Meaningful waste reduction targets  

The legislation centers strong waste reduction targets and recognizes the often overlooked costs of plastic packaging. Unlike glass, steel, and aluminum, plastic is simply not designed to be recycled. Reduction targets will help achieve important environmental, economic, and social benefits, while relieving the pressure on municipal curbside recycling programs that struggle to keep up with the volume of waste – the majority of which is plastic containers and packaging. The bill recognizes a sharp decline in packaging waste is needed by calling for:   

  • 50 percent reduction of packaging materials within 12 years with incremental milestones.  
  • 75 percent recycling rate of the remaining packaging waste by 2050 also achieved incrementally, with separate criteria for non-plastic and plastic packaging, and   
  • Requiring packaging materials to be truly reusable or recyclable.  

Ban Toxic additives and problem plastics 

S4246A/A5322A also restricts some of the most toxic substances in packaging and addresses problematic plastics.  In our latest fact sheet, The Worst of the Worst: High-Priority Plastic Materials, Chemical Additives, and Products to Phase Out, NRDC calls for the phase-out of plastic polymers, additives, and products that: pose significant hazards to human health and the environment; are difficult to recycle and/or interfere with mechanical recycling systems; or are just simply unnecessary (like many single-use plastic items). This legislation addresses many of these recommendations by prohibiting the most toxic substances from being used in packaging, including polyvinyl chloride (PVC), PFAS (“forever chemicals”), formaldehyde, bisphenols, toluene, and heavy metals. The bill also bans other problem plastics like pigmented plastics which are notoriously difficult to recycle. Toxic substances in food-contact packaging are particularly concerning as these substances can leach out of packaging into the food and beverages we consume and accumulate in our bodies, contributing to diabetes, heart disease, cancers, obesity, and infertility.

Promote improvements and investments in traditional recycling infrastructure, not chemical recycling    

Finally, this bill promotes investment in traditional (mechanical) recycling infrastructure rather than so-called “chemical recycling,” a false solution which is being promoted by the fossil fuel and plastic industry. “Chemical recycling” is not actually recycling, will not contribute to a non-toxic circular economy, and has been shown to create hazardous air pollution and generate hazardous waste at industrial facilities that are often located in low-income communities of color.   

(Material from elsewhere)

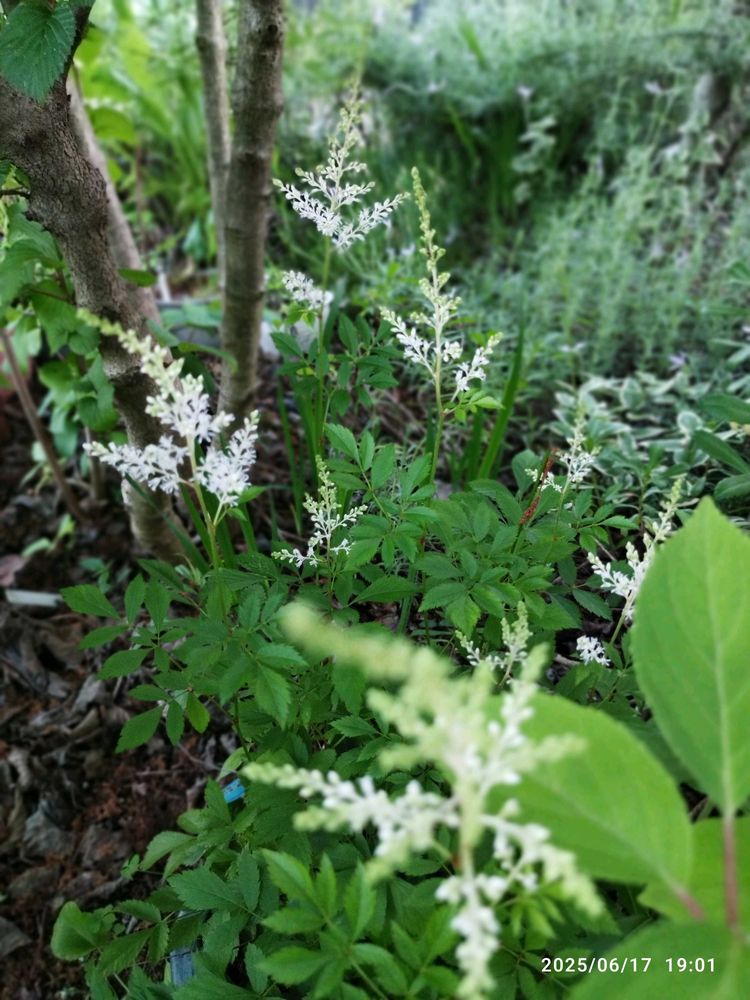 涼しげな大手毬とアスチルベ、この子達も暑くて参ってますね。

Importantly, this legislation holds producers, rather than municipalities and taxpayers, responsible for a portion of the costs of end-of-life disposal of packaging waste. It includes a funding mechanism to ensure municipalities are reimbursed for their recycling, composting, and waste reduction operations. And it provides for the creation of an independent office of recycling inspector general within the Department to ensure implementation and enforcement of the statute. 

While the Barbie movie provided great summer entertainment for millions providing thought-provoking commentary on feminism and the legacy of Barbie, it did not tell the story of the ramifications of the plastic façade on our fragile planet. Back here in the real-world, we need legislation like the New York Waste Reduction and Recycling Infrastructure Act to maximize waste reduction, especially plastic waste, reduce pollution and toxics exposure, and expand our municipal recycling infrastructure to better serve our communities.